> Work request
Exactly as they appear below, repeat the lines from the one with "LISTA UCZESTNIKÓW SZKOLENIA Operator koparki" through the one with "Coffre en feuille". Drop every picture.

> Material for the task
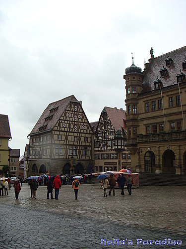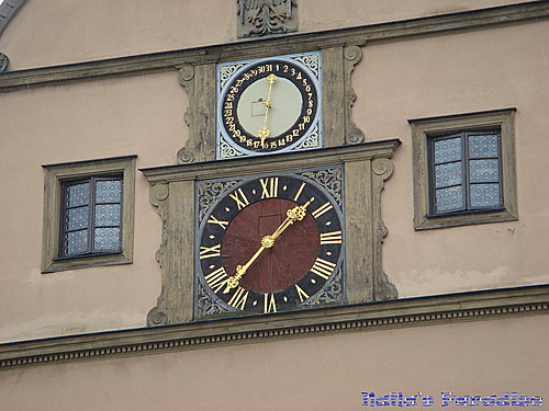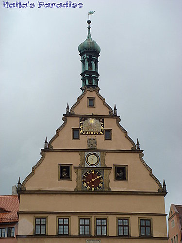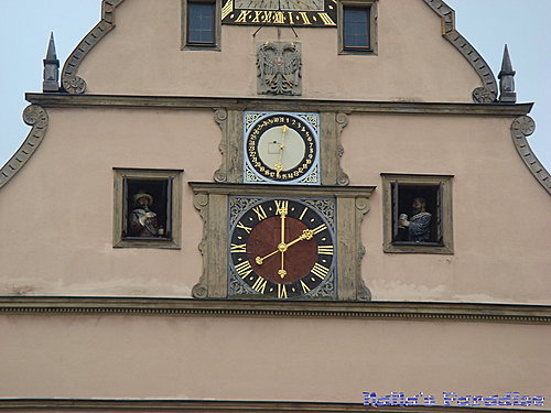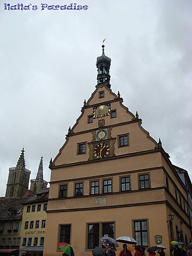 沿著羅曼蒂克大道駛去與古堡大道交接處的羅騰堡,除了保有中古世紀的古典風情外,建築物、城門及石頭拼湊起來的街道都令人難忘;參觀的起點是在市政廳的廣場前,一般的團體會在此解散好讓遊客們短暫享受著童話般的羅騰堡,廣場前有一個很特別的時鐘,每到上午11點、下午3點及晚上8點、10點,鐘左右兩邊的小門會在此時開啟,據說小門內的人物是描述1631年老市長盧修為了拯救羅騰堡免於被摧毀,喝下3.25公升葡萄酒的情景,而與其對飲的是當時的敵軍將領,他允諾若有人可以一口氣喝下這杯酒,羅騰堡便可免於災難,結果市長一口氣喝完的酒,令當時在場的敵軍將領目瞪口呆,也就了這個城市,為了紀念這件事情,羅騰堡還會定期位這歷史性的一刻特別舉辦活動。
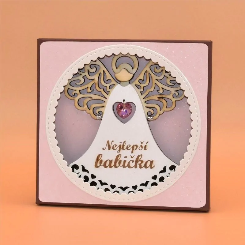 Anděl dřevo s textem k postavení - Nejlepší babička
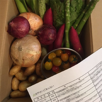 | 特色 | 契約農家よりの旬の野菜を、定期的に宅配してくれるサービス。サイズが3種類、毎週か隔週からコースが選べる。作り手の情報、野菜の保存方法、料理法などが書かれた説明書が毎回同封され、月に1回、野菜のレシピなどを掲載したカラー刷りの刊行物も届けられる。
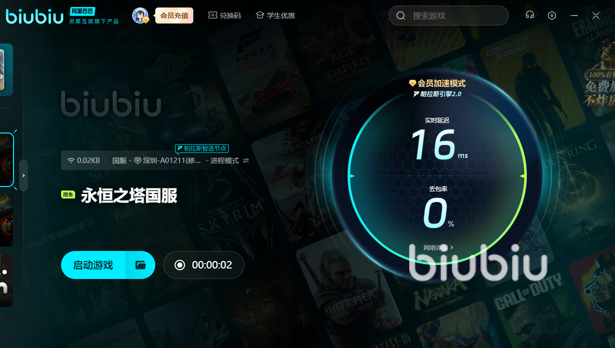 永恒之塔中的战斗特别激烈,特别是不同种族之间的英雄对战时太卡,就很容易被对方克制并消灭。所以要用上biubiu,加速后即便我们的实力不济,依然可以快速退出赛场。新用户的话可获得3小时的免费加速,另外新老用户输入【biubiu不卡顿】,就能额外领取三天免费加速。如果在参加pvp玩法时延迟高,就无法躲避对方的技能,让自己快速殒命。所以要用上加速器,才能立于先天不败之地,避免自己因小失大。
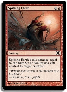 Spitting Earth deals damage equal to the number of Mountains you control to target creature.
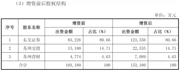 本次增资将按照现有持股结构进行注册资本认购。其中,东吴证券出资约4.03亿元,苏州交投出资7355万元,苏州营财出资2315万元。完成注资后,东吴期货的注册资本将从10.32亿元上升至15.32亿元,各股东持股比例维持不变。
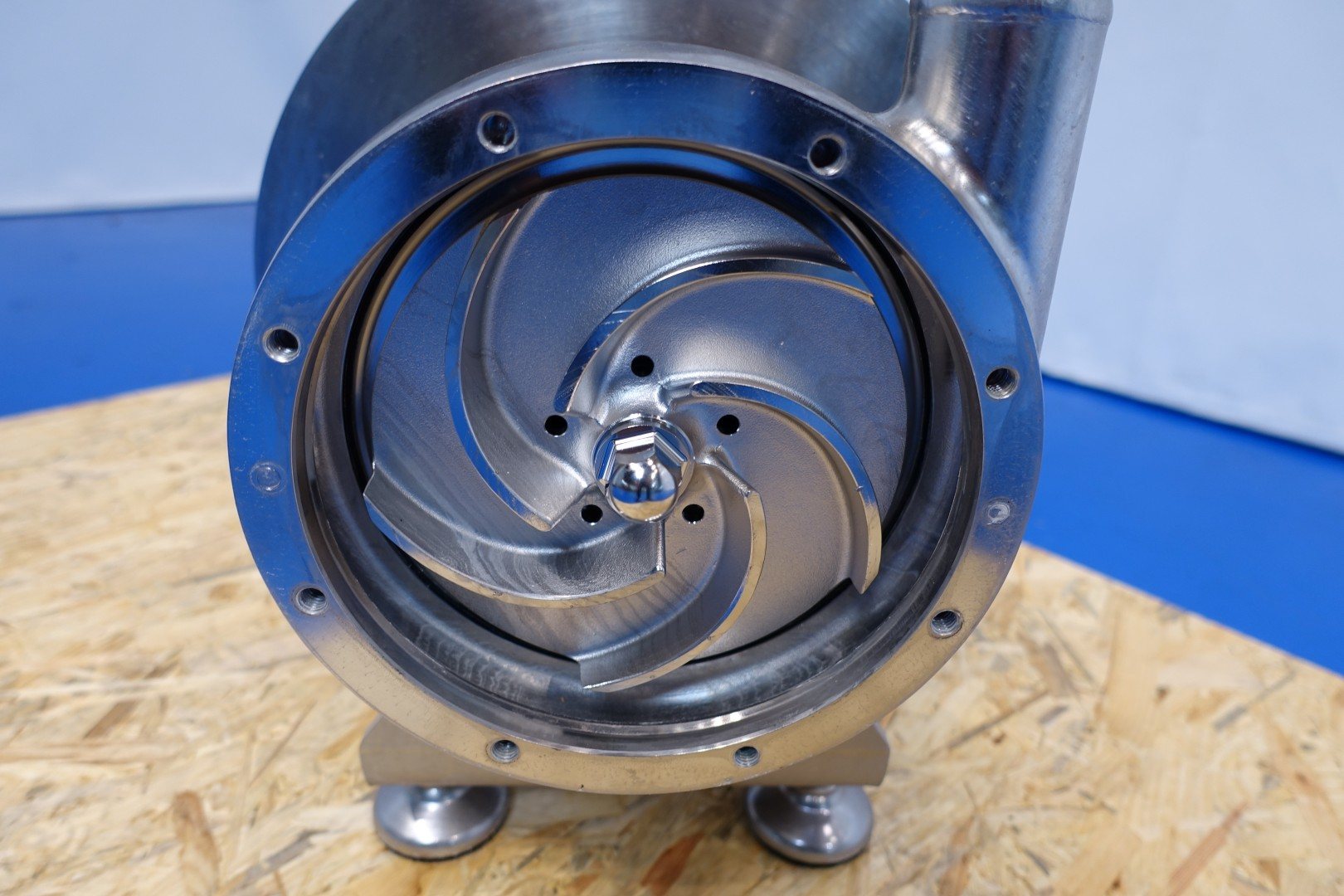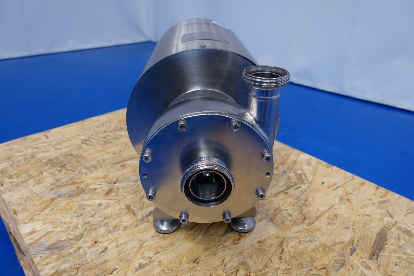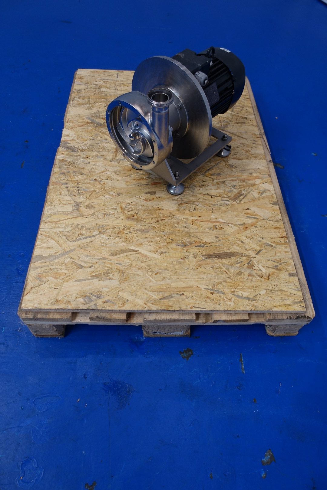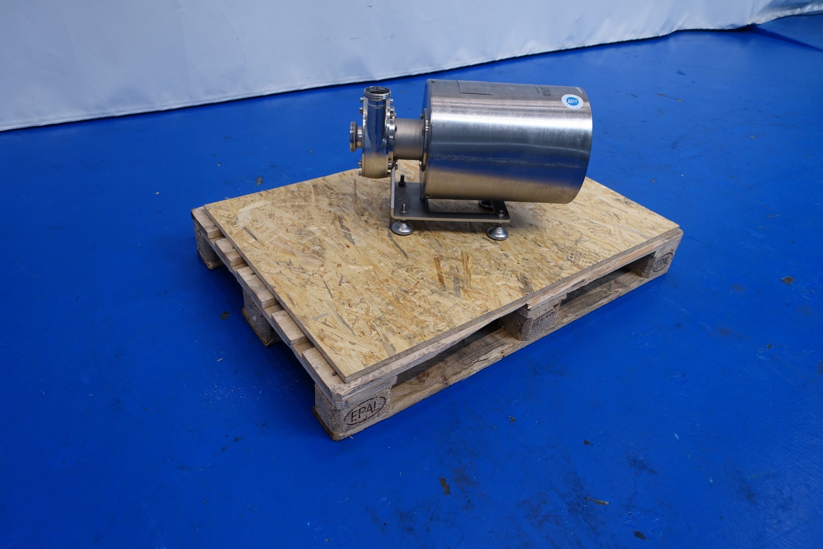 Sanitary centrifugal pump. Current motor: 2,2 kW - 4,25 A - 2.880 rpm. Pressure 35m = ± 3,5bar Impellor diameter: 150 mm. Connections: (In) DN50 Din / (Out) DN40 Din. Total dimensions: 59x30x38 (lxwxh) cm - weight: 86 kg.
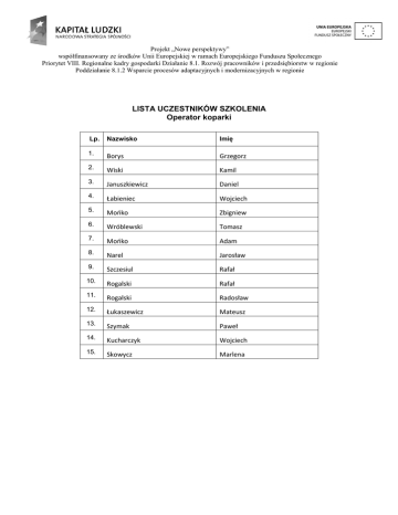 LISTA UCZESTNIKÓW SZKOLENIA Operator koparki
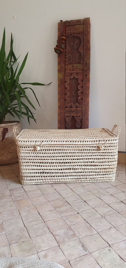 Coffre en feuille de palmier en rangement osier 100* 50* 50 cm
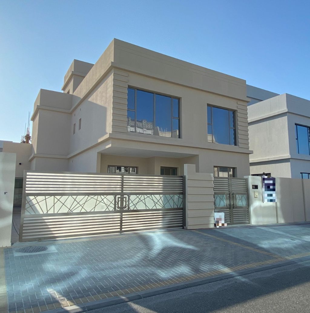 Dominions Real Estate for sale: Luxury villas in Diyar Al Muharraq - Mazoon. The villa consists of a ground floor with a large living room, a smaller living room, a majlis, a kitchen, a bathroom, a guest room (or majlis) with its own bathroom, parking for two cars, and a large garden. The first floor has 4 master bedrooms with 4 bathrooms. The second floor has a laundry room and a maid's room with its own bathroom. Land area: 327.70 square meters. Built-up area: 361.05 square meters. Price: 1,950,000 Bahraini dinars. Reference: 4286.
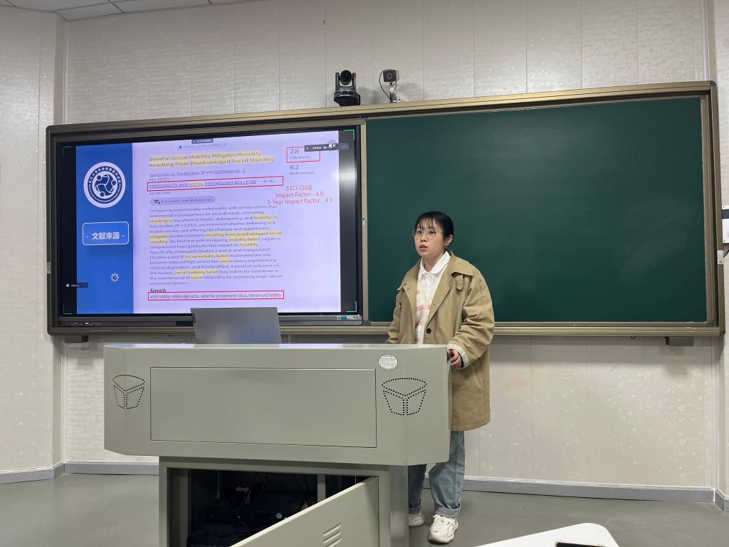 在教师点评环节,针对刘嘉玲的文献汇报,杨林川老师首先肯定了该同学的汇报状态;并提出几点疑问:(1)社会流动的方向性是否存在意义;(2)由于中国人看重长期社会流动,该研究是否符合中国本土;不同文化之间的流动性是否存在差异。严老师首先肯定了该同学汇报的逻辑性,认为使用更加清晰易懂的图表能够帮助大家进一步理解该文献;唯一遗憾的是该同学没有在汇报时间上进行合理把控,并且文献的发表时间较为久远;最后指出系列行为实验是值得大家学习的;严老师对全中心员工表示,心理学研究过程是坎坷的,常常会出现实验数据出现不显著等现象,并鼓励大家要“耐得住寂寞”,这样才能“守得云开见月明”。
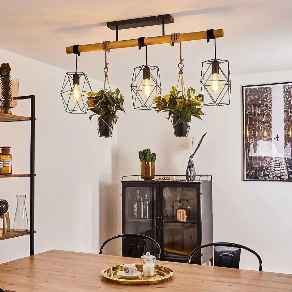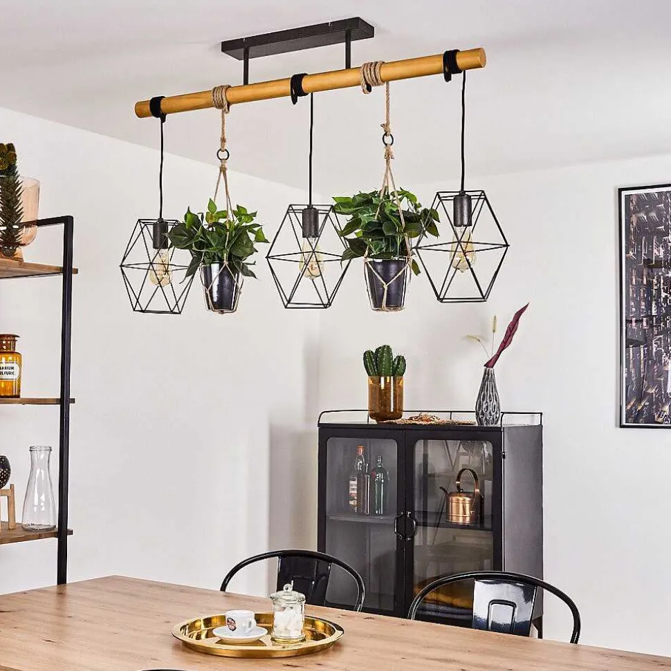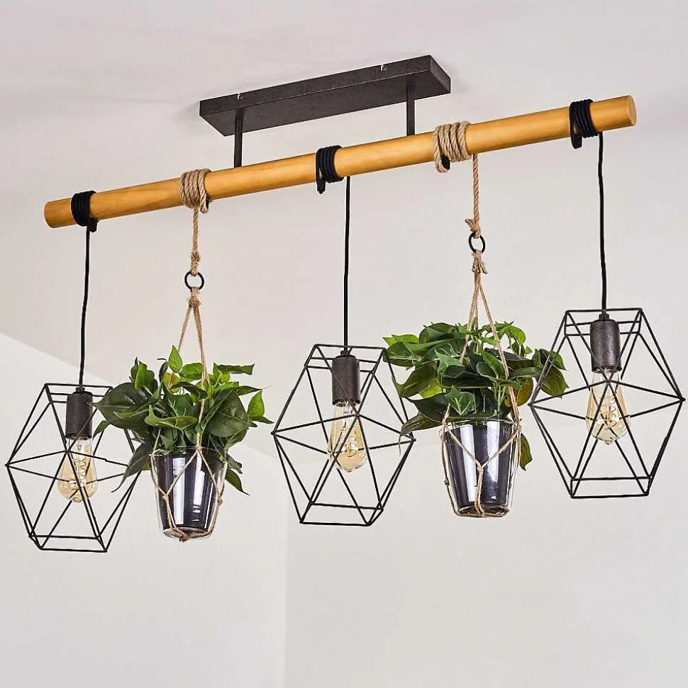 Plafonnier Salmi Led Brun, Couleur Bois, Noir, 1 Lumiere, Telecommandes

> Answer
 LISTA UCZESTNIKÓW SZKOLENIA Operator koparki
 Coffre en feuille de palmier en rangement osier 100* 50* 50 cm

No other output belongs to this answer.